**ACTIVITY**
Your job is to print, exactly, the lines in the data below from the line with "Tila jakaantuu katutason" through the line with "СР №4. Плавление", both included, and to omit any picture.

**RECORDS FOR PROCESSING**
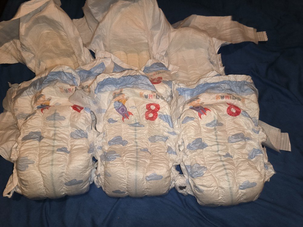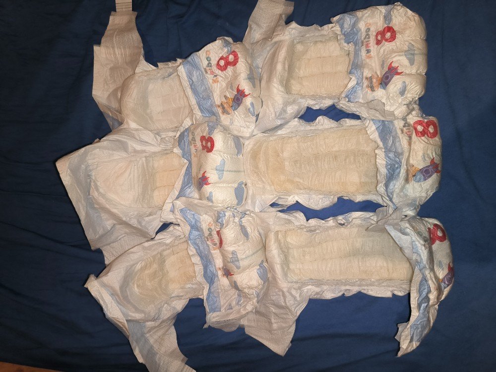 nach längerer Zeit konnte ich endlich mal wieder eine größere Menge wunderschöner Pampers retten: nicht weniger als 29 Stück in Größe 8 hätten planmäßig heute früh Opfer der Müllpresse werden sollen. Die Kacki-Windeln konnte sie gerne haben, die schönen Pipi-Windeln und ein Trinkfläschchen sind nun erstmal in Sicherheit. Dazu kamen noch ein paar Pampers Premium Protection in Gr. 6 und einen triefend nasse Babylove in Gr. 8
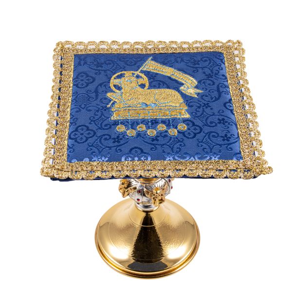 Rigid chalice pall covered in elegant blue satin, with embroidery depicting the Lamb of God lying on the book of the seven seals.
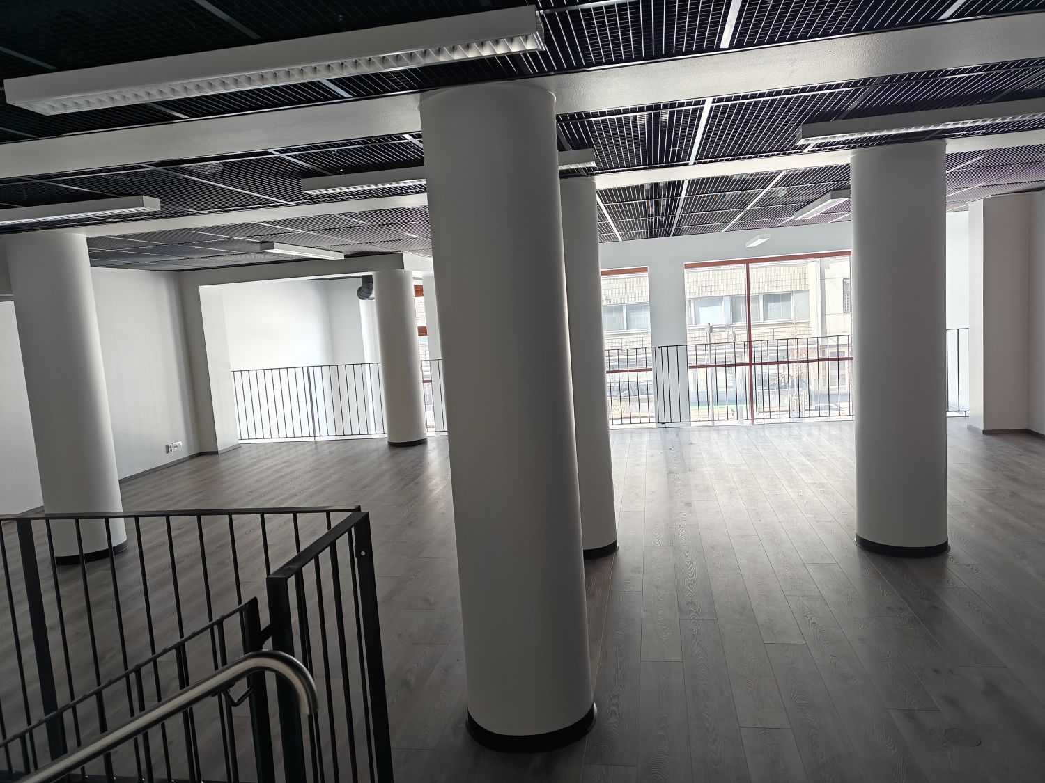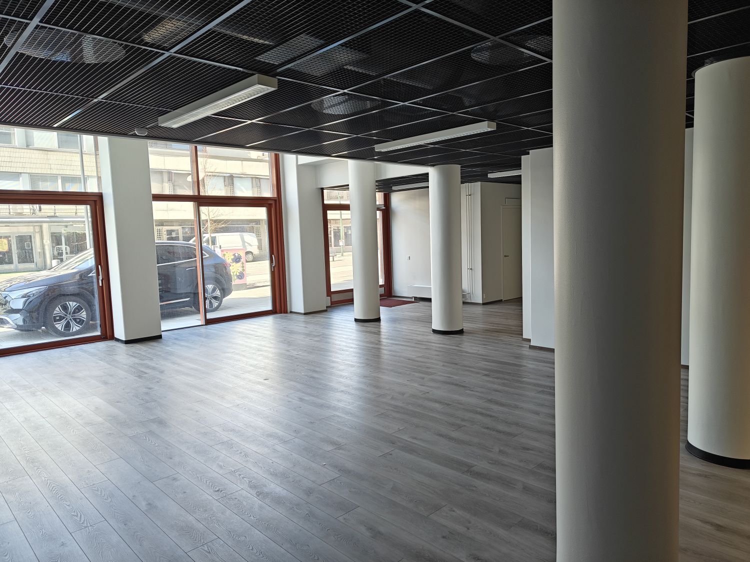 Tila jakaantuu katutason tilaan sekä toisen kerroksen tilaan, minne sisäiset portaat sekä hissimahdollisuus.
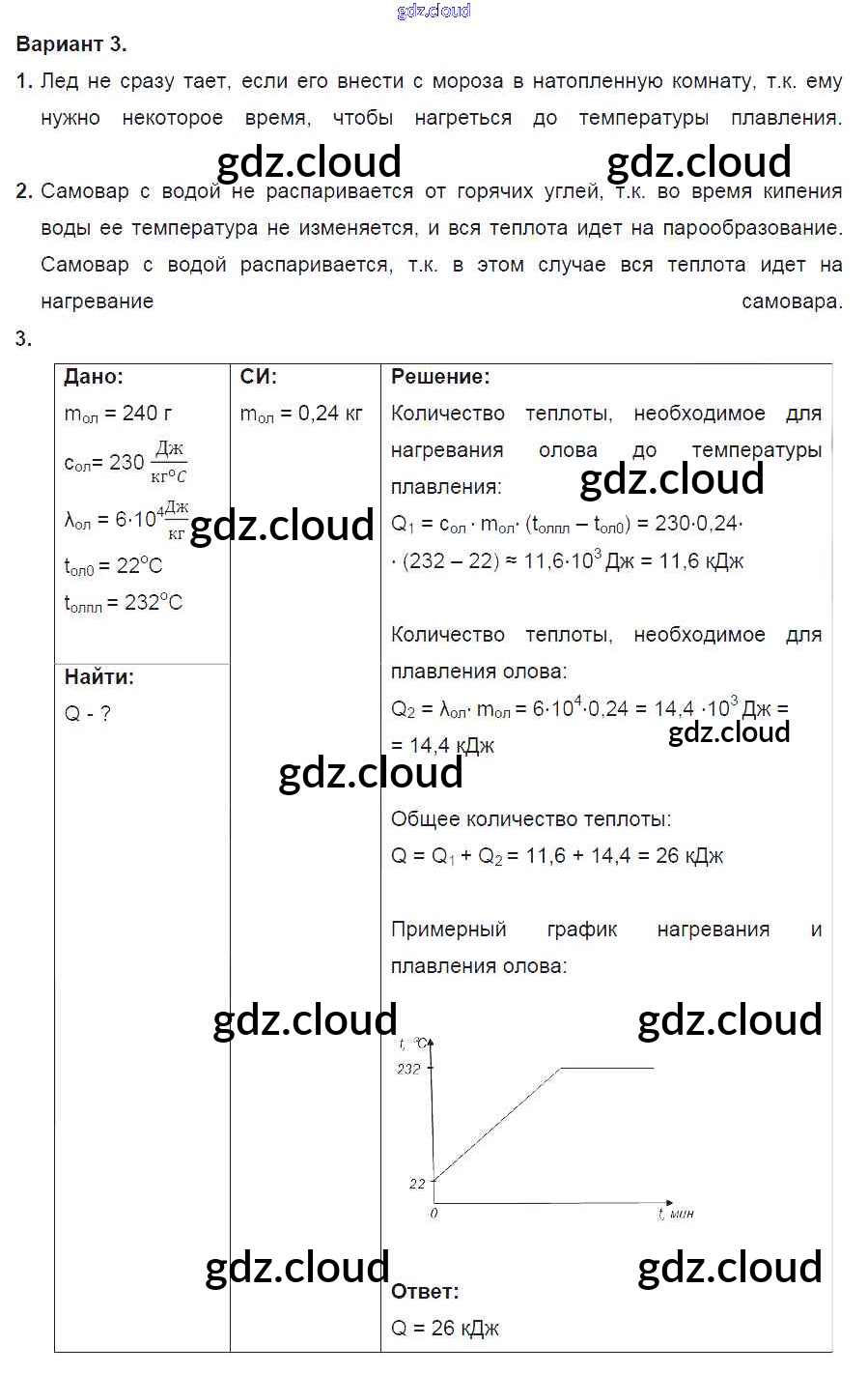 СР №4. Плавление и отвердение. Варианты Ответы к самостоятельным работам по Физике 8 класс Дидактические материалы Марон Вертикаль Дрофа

...

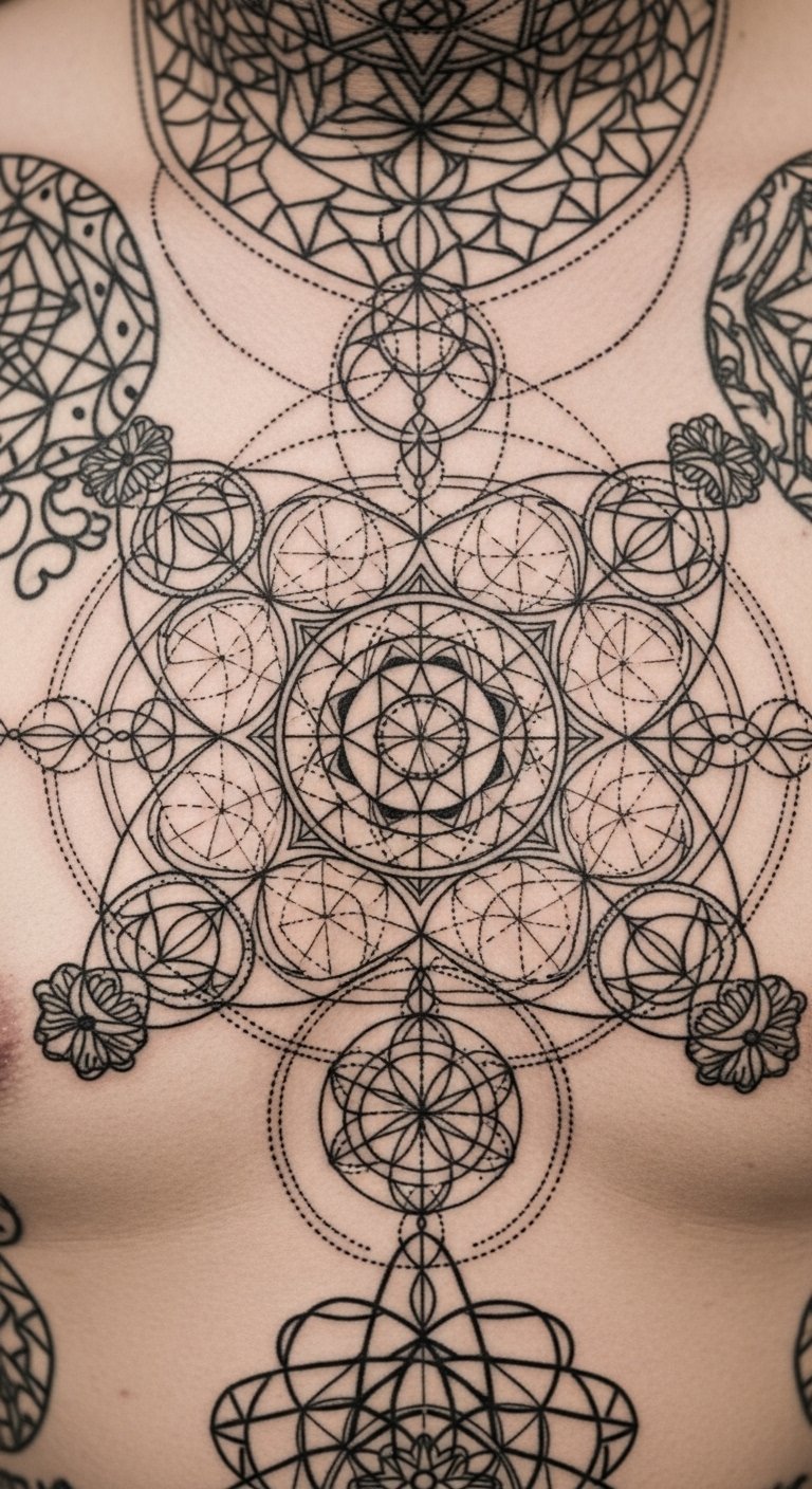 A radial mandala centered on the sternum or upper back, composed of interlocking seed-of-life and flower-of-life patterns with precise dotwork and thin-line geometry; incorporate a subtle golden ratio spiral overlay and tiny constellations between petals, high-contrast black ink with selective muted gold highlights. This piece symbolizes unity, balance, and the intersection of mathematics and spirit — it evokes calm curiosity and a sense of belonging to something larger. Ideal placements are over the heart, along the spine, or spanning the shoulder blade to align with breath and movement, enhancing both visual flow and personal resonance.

**RESPONSE TO THE TASK**
 Tila jakaantuu katutason tilaan sekä toisen kerroksen tilaan, minne sisäiset portaat sekä hissimahdollisuus.
 СР №4. Плавление и отвердение. Варианты Ответы к самостоятельным работам по Физике 8 класс Дидактические материалы Марон Вертикаль Дрофа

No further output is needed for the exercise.